Tenemos una herida abierta en carne viva que conviene cerrar, porque si no se corre el riesgo de un desgarro vital permanente. Es normal, y me consta, que muchos se cuestionan que de haber actuado de otra manera quizá no hubiera ocurrido
Gloria Estefan tiene una canción que lleva por título Abriendo puertas (y cerrando heridas): después de la noche brilla una nueva mañana; en tu llanto hay una luz de esperanza; tras de la lluvia llega de nuevo la calma; pasito a paso en la senda vamos a hallar la salida.
Muchos hemos perdido en esta pandemia a amigos y familiares. Y no hemos podido despedirlos: se fueron solos, quizá acompañados por un ángel de la guarda, una enfermera, una auxiliar, un sacerdote, que mano con mano les acariciaban con los guantes de látex mientras exhalaba el último suspiro. Habría que hacer una narrativa de estos sucesos para que quede en la memoria colectiva: es conmovedor y profundamente humano. Necesitamos contarnos estas historias verdaderas, vidas que se apagaban como el pabilo de una vela a punto de expeler el postrero resplandor fluctuante de su llama; y que transmitieron sus penas y amores, su vida resumida en anhelos balbuceantes y lágrimas cristalinas.
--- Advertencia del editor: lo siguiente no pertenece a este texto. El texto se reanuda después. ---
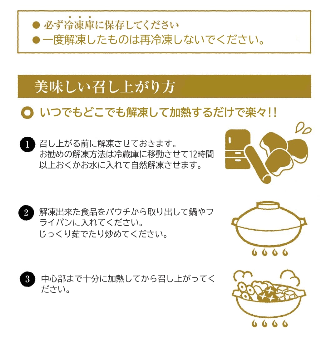 *召上る前に自然解凍して、鍋に移し加熱してお召し上がりください。
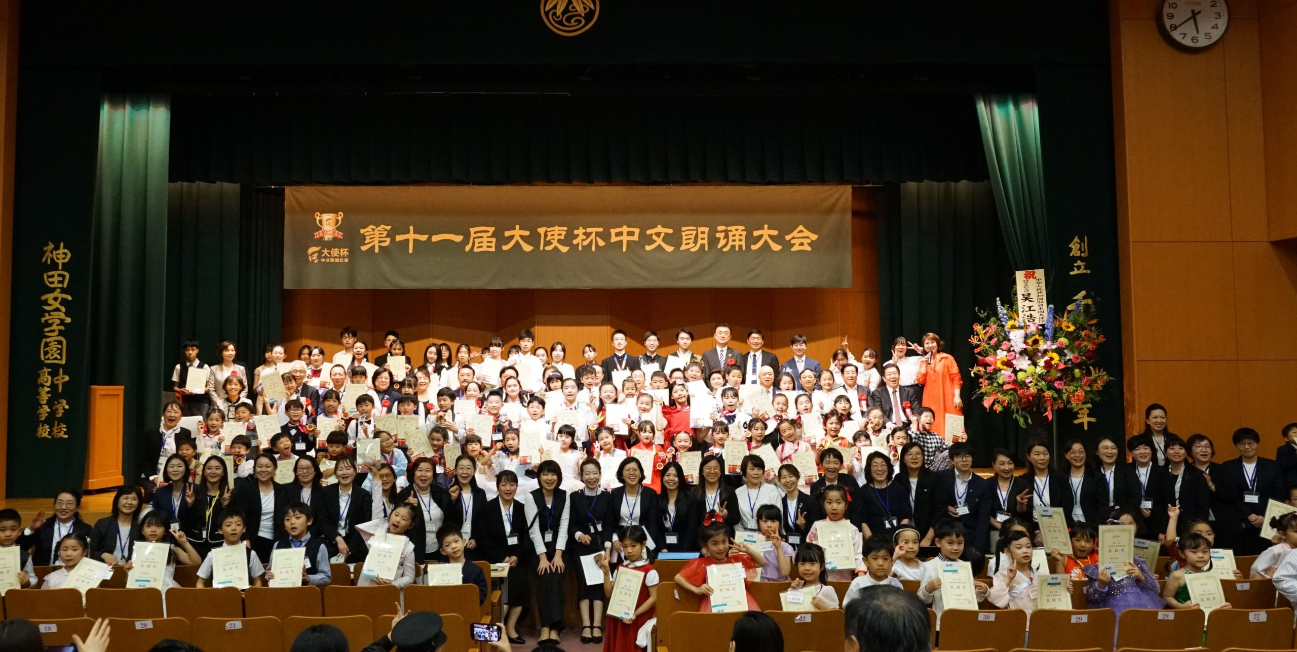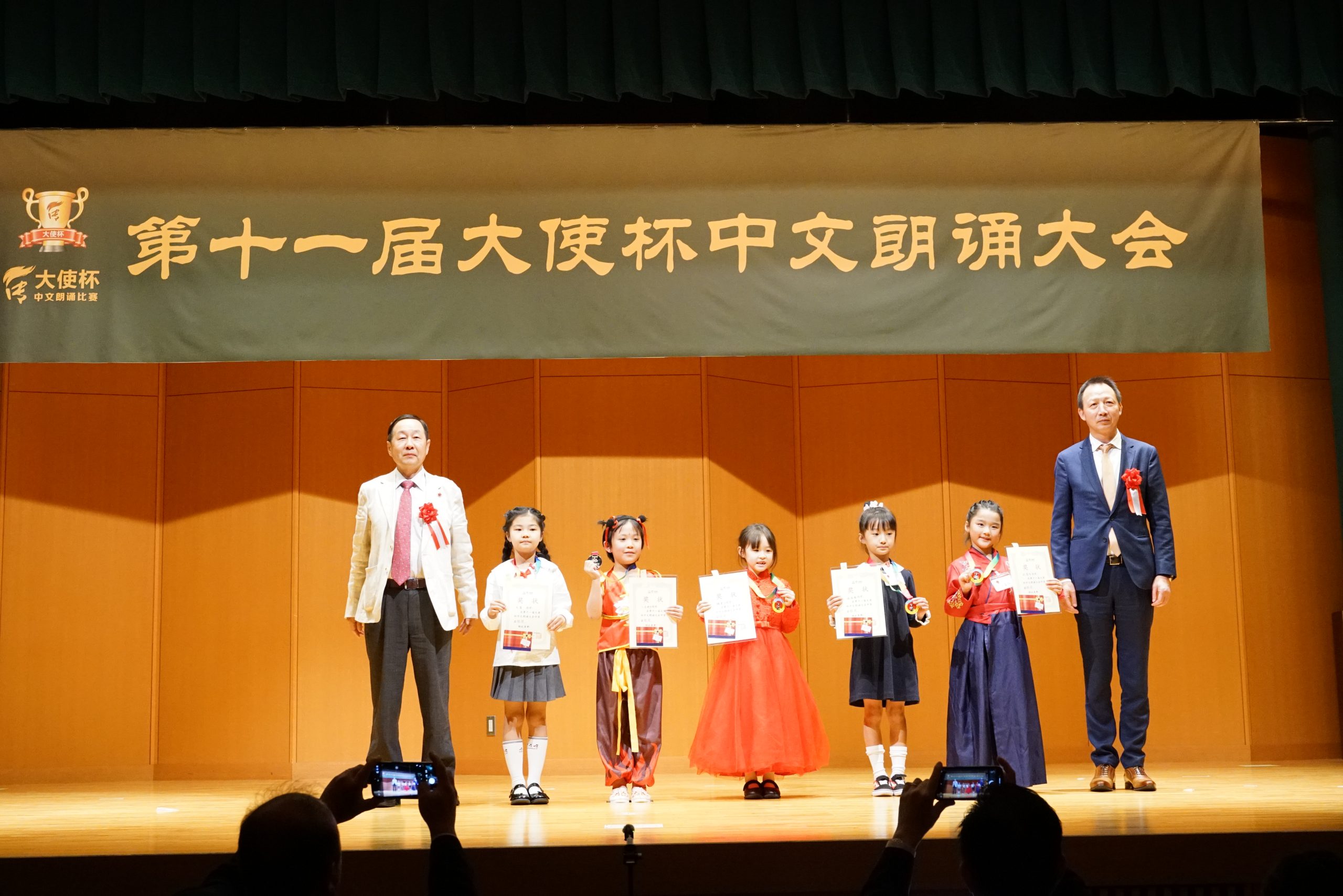51位选手分别荣获相应组别的金、银、铜奖。中国驻日本大使馆王宝锋领事、于舟,全华联代表理事高原龙一,东京华侨总会会长钱江丽子,日本华文教育基金会会长林立,全华联副理事长庄旭等嘉宾为获奖选手颁奖。
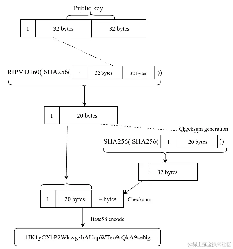 比特币使用地址来识别比特币用户。这些地址是从用户的秘密密钥派生的公共密钥的编码版本。让我们考虑一个银行业务的例子:爱丽丝通过签署一张支票并寄给鲍勃来向鲍勃转账。比特币使用类似的方法,通过使用秘密密钥签署交易并提供接收方的账户号码(比特币公共地址)来完成交易。唯一的公共信息是账户号码,这与将比特币地址公开的概念类似。
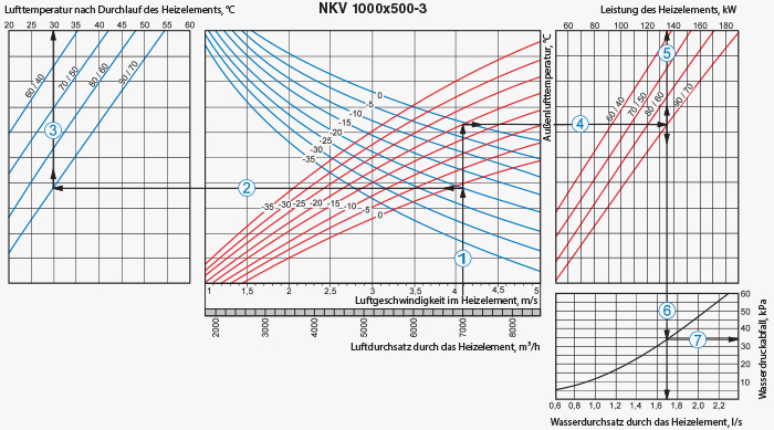 Das Heizregister ist mit der Gegenstromschaltung anzuschließen, im anderen Fall kommt es zur Minderung der Leistungsfähigkeit um 5-15 %. Sämtliche Berechnungsnomogramme, die im Katalog enthalten sind, gelten für diesen Anschluss.
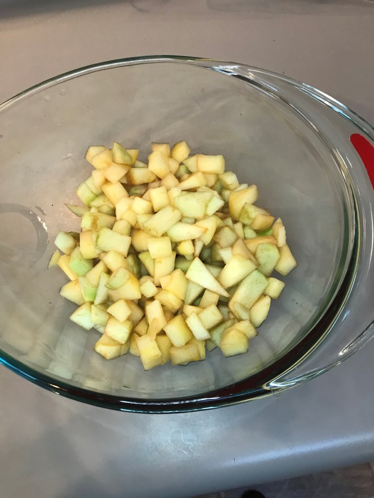 Dice the apples into small chunks and set that aside in a bowl – you’ll need it soon.

Pero tenemos una herida abierta en carne viva que conviene cerrar, porque si no se corre el riesgo de un desgarro vital permanente. Es normal, y me consta, que muchos se cuestionan que de haber actuado de otra manera quizá no hubiera ocurrido. En la psicología humana, ante una pérdida irreparable, la sensación de desconsuelo es profunda y no se desvanece fácilmente. De esto tienen experiencia consumada los psicólogos. Y más en una situación así. Y si; y si hubiera actuado de otra forma; no he hecho todo lo que hubiera podido para evitar lo inevitable... La culpa aflora y martillea nuestro interior y enraíza en el hondón de alma como liquen aferrado imposible de eliminar de la roca.
Es en estos momentos críticos en los que hemos de tener y dar paz. Pero para ello, hay que despedir a nuestros muertos, como acto religioso por antonomasia, se sea creyente o no. Convocar a los familiares y amigos. Recibir las condolencias, sentir el calor del acompañamiento del último adiós. Y llorar, que es desahogo de nuestras penas. Como dice Unamuno: "lo más santo de un templo es que es el lugar al que se va a llorar en común. Un miserere, cantado por una muchedumbre, azotada del destino, vale tanto como una filosofía. No basta curar la peste, hay que saber llorarla. ¡Sí, hay que saber llorar! Y acaso esta es la sabiduría suprema".
Y después del duelo viene el luto. Una congoja que da gracias por todo lo bueno que sucedió en nuestra vida. El recuerdo de los momentos maravillosos que pasamos junto a ellos. Porque un padre o una madre, un esposo o esposa, con sus defectos, que todos tenemos, han sido buenos. Porque un amigo fue fiel hasta el final. Un final que es principiar. Como recuerda Gabriel Marcel, ''tú no morirás significa que hay en ti, puesto que te amo, algo que me permite franquear el abismo de eso que llamo indistintamente la muerte". Nuestro final no es fin (the end), es esperanza.